Examples of Constructive Dismissal
In addition to the demeaning actions against Milton, examples of constructive dismissal include:
- unilaterally revising an employee’s contract to introduce a very narrow termination clause without consideration (i.e. without something in return, such as a bonus payment);
- revising an employee’s job description to remove significant aspects such as supervising a team or leading an important ongoing part of the business; or
- moving an employee from a corner office to a cubicle.
More obviously, any decrease in compensation usually triggers the risk of constructive dismissal. Examples include:
- moving an employee from straight salary to a lower salary with commission;
- changing positions into a lower pay scale;
- transferring an employee to a jurisdiction with a higher cost of living but no salary increase;
- removing a car bonus; or
- cutting hours.
Can you Decrease a Department’s Hours?
So what about slightly decreasing an entire department’s hours temporarily? This is a common strategy in our struggling economy.
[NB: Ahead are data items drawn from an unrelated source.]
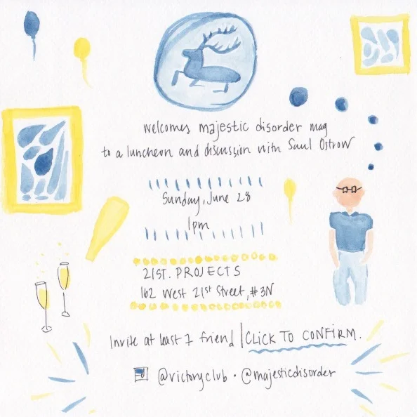 Victory Club welcomes friends of London-based magazine majestic disorder for 3 courses + wine at 21ST.PROJECTS. Saul Ostrow will host the luncheon. On the walls will be works from CPI's collection, and every guest will receive a copy of majestic disorder's fourth issue.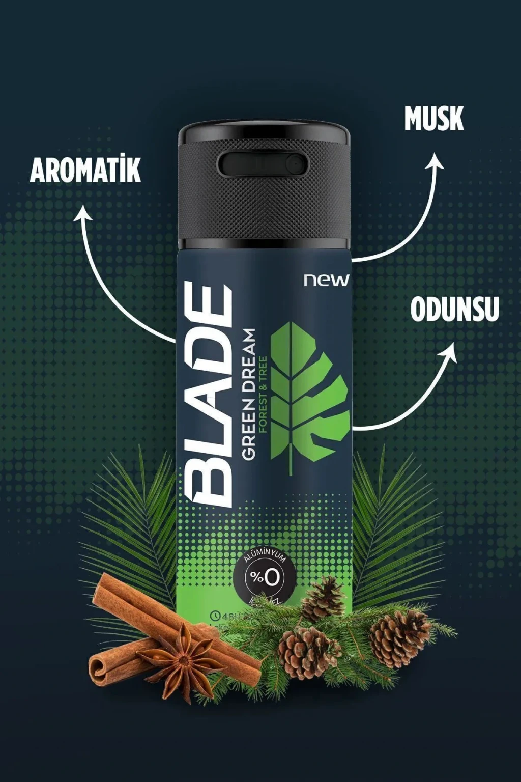3 Adet Blade Green Dream Erkek Deodorant 150 Ml Hızlı Kurur, Leke Bırakmaz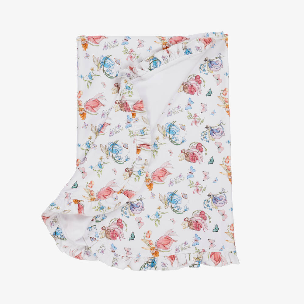 Patterned in a delightful flower fairy print in blue and pink, this white blanket for baby girls is by My Little Pie. It is made in a double layer of super soft organic Supima cotton jersey, with a pretty ruffle trim. Ideal for use in the car seat or stroller, it also makes an attractive nursery accessory.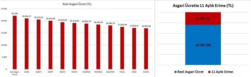 Bu zammış gibi sunulan şey aslında 2025 yılında 11 ayda enflasyon nedeniyle ortaya çıkan kaybı karşılamaya ancak yetiyor. Çünkü bu yılın ilk 11 ayında asgari ücretteki erime 5,196 TL’yi aşıyor. Geriye sadece 775 TL kalıyor.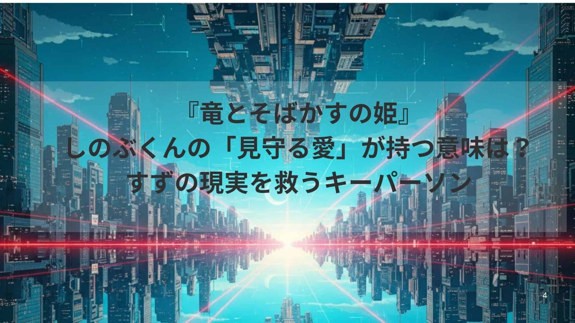 竜とのファンタジックなロマンスが注目されがちですが、物語の最終的なテーマである「現実での救済と成長」を達成するために、しのぶくんの存在は不可欠でした。ここでは、彼がすずへ抱く感情と物語における重要な役割を考察します。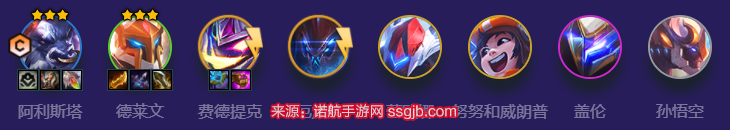 阿利斯塔+德莱文+费德提克+厄加特+蕾欧娜+努努和威朗普+盖伦+孙悟空。

Assuming the department is not comprised of only one, otherwise poor performing or problematic employee, and assuming the decrease is small and temporary, a department-wide slight and temporary decrease of hours based on an objective business decision should be fine. Yes, there is a risk, but not significant, primarily because no individual is being targeted.
In addition to whether an individual is being targeted, the caselaw looks at the impact on the employee’s wallet at the end of the day. Very generally, if the decrease or change in compensation scheme amounts to an overall compensation cut of over 10%, you can be sure there is a constructive dismissal claim. Anything under 5%, particularly if backed up by objective, strong business reasons, is usually okay. The 5-10% range enters into a danger zone, and will depend on the context and surrounding factors in each situation.
Of course, all of the above is subject to any terms or conditions found in an employment agreement that speaks to the company’s right to make changes to the position in question.
Tips for Employers
Communication is the key. Employees know the economy is still tough, and most would prefer a job with small modifications than to have no job at all. In my experience, constructive dismissal claims arise more from an employee who felt pushed out, hurt and angry, rather than any true complaint of a decrease in salary or responsibilities.
Communicate the business reason for the change and provide as much notice as the business can bear. Reassure the employee(s) that the company is happy with his or her work, but is forced to make some hard business decisions. Study after study shows that employee satisfaction is based more on being valued and playing a meaningful part of the organization than on whether he or she receives a 50 cent raise this year.
And for goodness sake, try and avoid issuing a press release the next day that reports the company is enjoying an excellent quarter and top bonuses are scheduled to be paid to management as a result of top profits.
If you, in fact, have every intention of pushing an employee out the door and hope that he or she will quit so you are off the hook for termination and severance pay, you may want to rethink your strategy. Aside from issues of workforce morale and employee productivity, particularly nasty constructive dismissals may also face the risk of bad faith damages.
How has your workplace been dealing with the ongoing recession crunch? Any tips you’d like to share on how your organization has creatively weathered the storm?